Senate Majority Leader Mitch McConnell took a swipe Tuesday at former Kentucky Gov. Steve Beshear, the Democrat chosen to deliver the party’s response to President Donald Trump’s speech tonight to Congress.
Beshear, governor from 2007 to 2015, championed the implementation of the Affordable Care Act in Kentucky, and he was tapped in part as a rebuttal to McConnell, a Kentucky Republican who’s one of the law’s biggest foes.
In a floor speech Tuesday, McConnell called the law an “absolute disaster” for Kentucky, saying higher premiums and fewer provider choices had “pushed Kentucky’s insurance market to the brink of collapse.”
McConnell said Kentuckians had rejected the law by electing a governor, a state Legislature and a president who favored its repeal.
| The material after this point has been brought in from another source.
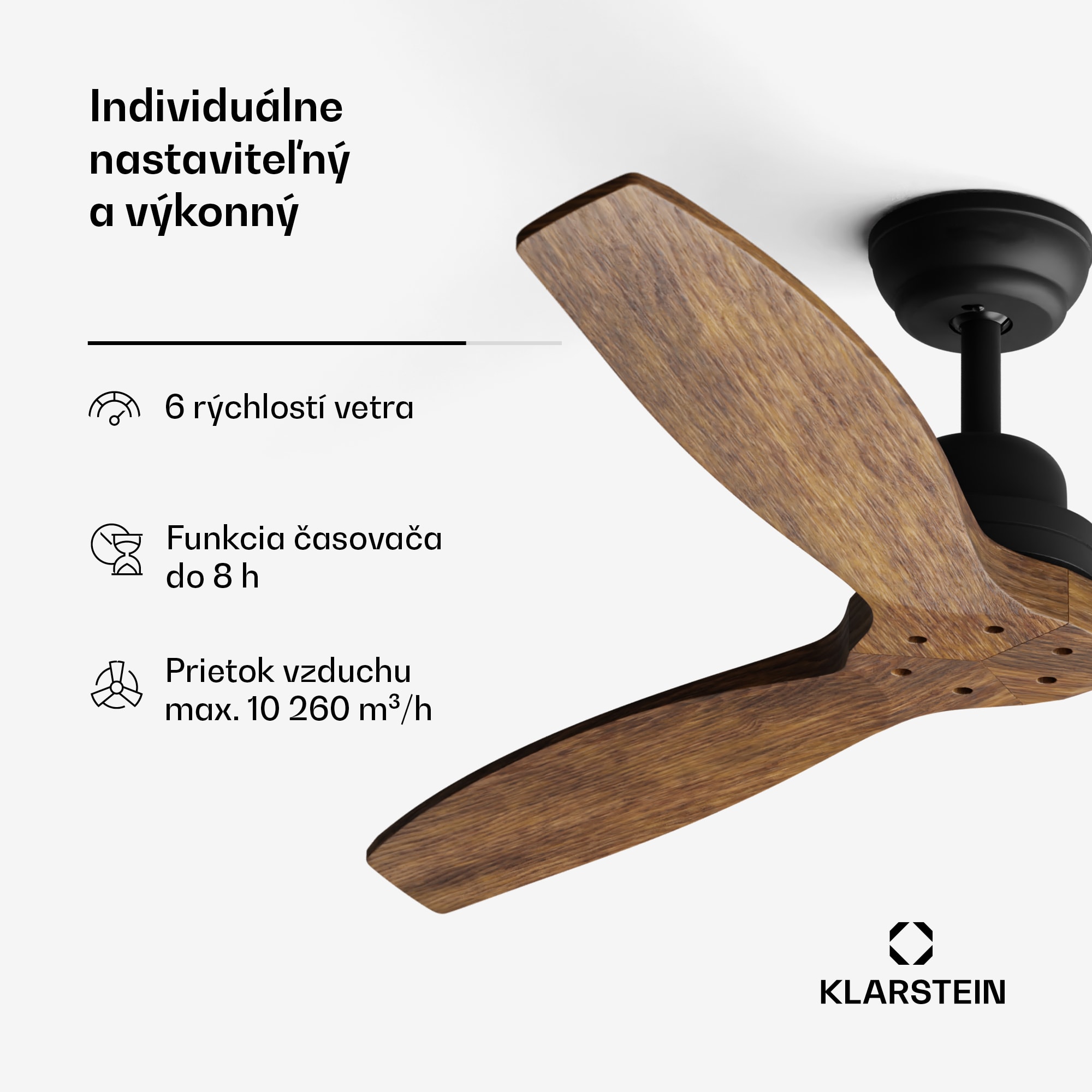 Zažite maximálny komfort a moderný dizajn so stropným smart ventilátorom Klarstein Santa Elena. Jednosmerný motor s nízkohlučným medeným guľôčkovým ložiskom umožňuje presné a tiché ovládanie, vďaka čomu je o pôsobivých 80 % energeticky efektívnejší ako bežné stropné ventilátory.Ventilátor so šiestimi úrovňami rýchlosti ponúka všestranný výber prúdenia vzduchu, ktorý možno prispôsobiť individuálnym potrebám. Jeho ultraľahké lopatky z pravého dreva v kombinácii s jednosmerným motorom zaručujú takmer nehlučnú prevádzku a uvoľnenú atmosféru.Vďaka inteligentným funkciám, ako je ovládanie cez aplikáciu Smart APP, diaľkové ovládanie alebo hlasové ovládanie, možno ventilátor ovládať odkiaľkoľvek v dome. Obojsmerná prevádzka umožňuje používanie v letnom a zimnom režime, čím sa šetria náklady na energiu počas celého roka. V lete ventilátor prenáša chladný vzduch smerom nahor a zabezpečuje príjemný chládok, zatiaľ čo v zime rovnomerne rozvádza teplý vzduch smerom nadol.Jednoduchá inštalácia pomocou dodaných spúšťacích tyčí 15 cm/25 cm umožňuje flexibilné umiestnenie ventilátora v miestnostiach s rôznou výškou stropu. Stropný smart ventilátor Klarstein Santa Elena sa dodáva spolu s diaľkovým ovládačom a je dokonalým doplnkom do každej domácnosti, ktorá oceňuje moderný komfort a atraktívny dizajn.

“I’m not sure how else to interpret their choice to respond to the president’s address tonight,” McConnell said. “The absolute Obamacare disaster that Gov. Beshear presided over continues to harm Kentucky today — even after he’s left office.”
But Obamacare, as the law is popularly known, also insured about 300,000 Kentuckians who previously lacked coverage. Most of them gained it through an expansion of Medicaid, the state-federal health insurance program for the poor.
According to the census, 6 percent of Kentuckians lacked health insurance in 2015, versus more than 14 percent in 2013.
Though Beshear pushed the Medicaid expansion, his successor, Republican Gov. Matt Bevin, plans to roll it back, saying the state can’t afford its $1.2 billion cost over five years.
A study by the Harvard School of Public Health last year found that under the Medicaid expansion, low-income Kentuckians received more primary and preventive care and made fewer emergency room visits.
At a series of events last week in Kentucky, McConnell faced sharp questions from constituents who feared losing coverage if Republicans make good on their promise to repeal Obamacare.